3 min read

Why Men Think They’re Still 25 (Even When Their Knees Say Otherwise)

Why Men Think They’re Still 25 (Even When Their Knees Say Otherwise)
Photo by Z / Unsplash

A Field Guide to Male Delusion

Ive just returned from a boys trip to Tasmania and I think ive realised why there’s a strange phenomenon affecting men everywhere.
Doctors can’t diagnose it.
Scientists can’t explain it.
Women roll their eyes at it daily.

It’s called Male Age Delusion Syndrome.....the unwavering belief that no matter what the birth certificate says…
we are still 25.

Ask any bloke how old he feels and the answer will be something like:

“Mate, physically 53…
…but mentally?
Prime of my life.”

And that’s how disasters happen.

Let’s dig in.

The Internal Age Calculator Is Broken

Women age sensibly.
They accept changes, adjust lifestyle, buy supportive shoes.

Men?
We still think we can:

  • jump a 10 metre gap
  • sprint like we’re late for kick off
  • deadlift our body weight “cold”
  • pop a manual in front of the kids
  • play touch footy without warming up
  • ride Maydena on day 5 with zero sleep and a belly full of wine

Our knees disagree.
Our lower backs disagree.
Our tendons strongly disagree.
But the male brain quietly whispers…

“You’ve still got it, big fella.”

And we believe it.

The ‘One More Time’ Death Sentence

Every man knows those three fatal words:
“Just one more...”

  • One more drop.
  • One more jump.
  • One more rep.
  • One more sprint.
  • One more beer before riding home.

At 25, “just one more” was a warm-up.
At 40+, “just one more” is the reason your physio drives a BMW.

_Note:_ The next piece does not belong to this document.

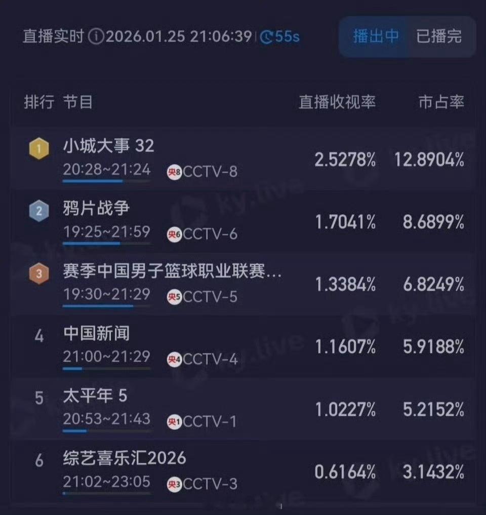 小城大事今晚峰值收视率均破2.5,市占率断层第一 这样的收视成绩充分体现了观众对优质内容的认可。期待《小城大事》继续保持高水准,再创收视新高小城大事

If you ever want to see a grown man crying into an ice pack, just film him saying “Watch this.”

The Downhill Illusion

Men over 40, especially blokes like us who still play hard, carry a special kind of confidence:

On the climb:
“Boys go ahead, I’ll catch up.”

On the descent:
“Stand back and admire greatness.”

It doesn’t matter if our lungs are whistling like a busted kettle.....give us a challenge and we instantly transform into the hero of our own mental movie.

In our minds:
We are 25, fearless, and sponsored by Red Bull.

In reality:
We are 53, semi-employed by Voltaren.

The Shoulder-Check of Doom

This is the moment every man discovers he is not, in fact, still 25.

You bend down to pick something up.
You stand back up.
Your knees creak like an old barn door.
You freeze.
You look around slowly, hoping no one heard it.

Congratulations.
You’ve aged 15 years in one second.

Bonus points if you follow it up with:
“Wow, just need to warm up!”

No mate.
That’s age tapping you on the shoulder.

Our Brain Remembers. Our Body Does Not.

The male brain holds a deeply distorted archive of past ability.

It remembers:

  • the tries we scored
  • the jumps we nailed
  • the sprints we won
  • the weights we lifted
  • the speed we carried
  • the stupid things we absolutely should have died doing

But it conveniently forgets:

  • recovery times
  • hospital visits
  • the fact you now groan when you sit down
  • the kids asking “Dad are you alright?” every time you stand up

We think we're still the bloke we used to be.
And honestly?
I love that about us.

Male Ego vs. Physics

Here’s the dangerous part.

Men don’t change scale.

We don’t say:
“I’m 53, I’ll take the green line.”

We say:
“I’m 53, which means I have 30 more years of experience so I can take the black.”
(This is delusion.)

Age doesn’t humble us....it gives us overconfidence.
Because we confuse experience with physical ability.

Yes, we’ve gained experience.
But experience doesn’t save you from average knees and trying to land big jumps...

Physics doesn’t care about your “experience.”
Physics cares about velocity and stupidity.
Two things older men have in abundance.

Ive been tongue-in-cheek critical but.....

The Beautiful Truth Beneath the Madness

Here’s where I’ll give us blokes some credit.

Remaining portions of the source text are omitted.